I realised recently that I needed to reimplement the CPU so that it wasn't taking 70% - 80% of what is really a very large FPGA, so that I could fit the extra bits and pieces in that I have been planning.
Ideally, I would include a 1541 and a complete C64 in the FPGA for compatibility. This would help to free me from having to make the C65/C65GS mode too compatible with the C64, instead, I would just transfer control of a running program from one to the other when cycle-exact operation or illegal opcodes were needed.
But in the shorter term, I wanted to be able to put a couple of SIDs in, and perhaps also improve the synthesis time a bit.
So I set about redoing the CPU, and the process has been one frustration after another.
My gut feeling was, and remains that 96MHz should be fairly possible on this FPGA, although the complexity of the memory system of a C65 makes that more difficult than it first seems.

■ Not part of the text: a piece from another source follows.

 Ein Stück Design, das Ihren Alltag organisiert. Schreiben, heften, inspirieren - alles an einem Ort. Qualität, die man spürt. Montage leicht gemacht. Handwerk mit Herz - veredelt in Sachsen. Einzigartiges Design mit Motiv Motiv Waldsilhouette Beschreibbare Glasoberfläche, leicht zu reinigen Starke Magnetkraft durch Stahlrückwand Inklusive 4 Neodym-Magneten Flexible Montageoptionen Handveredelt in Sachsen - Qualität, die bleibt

I was keeping a careful eye on the maximum clock speed in the synthesis reports, and realised that for the time being at least, 64MHz would be easier. I could then optimise my way back up.

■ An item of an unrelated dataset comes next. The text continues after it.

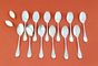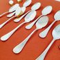 CHRISTOFLE, ORIGINE, XXe siècle : Suite de 12 cuillers à glace en métal argenté uniplat. Signées et poinçon de fabricant. Légères rayures d'usage. On y joint un plateau à couvert en feutre.

After bashing my head against a lot of bugs and silly design decisions on my part, I started making some progress and got some instructions running.
But then testing LDA/LDX/LDY/LDZ I found that the value loaded into the register was often wrong, or from the previous instruction.
After a lot of poking around, I finally realised that ISE was not constraining the cpu clock in the design, and the late data was being used because the design had a real maximum clock speed of only about 28MHz, but was being run at 64MHz.
I was a bit cranky with ISE for not realising that a clock created by dividing another clock is in fact a clock.
I eventually a way to constrain the clock, discovered how horrible the timing situation was, and have been trying to fix it since.
At this stage it looks like 64MHz should be possible, although with some the odd drive stage when executing instructions to get values or addresses ready to read or write in the following cycle. Exactly how much impact this will make is hard to estimate at this stage, but the CPU might be in drive states perhaps 20% - 25% of the time.
That means that the speed up compared with a stock C64 might end up around 64MHz * 0.75 / 1MHz = 48x. The result will be helped a little by the fact that many of the single byte instructions will execute in a single cycle. But it is really too early to say whether I will be able to make the CPU work at 64MHz, and exactly what the speed comparison will be. It will all depend on whether I can make actual forwards progress or whether I stay bogged down chasing my tail some more.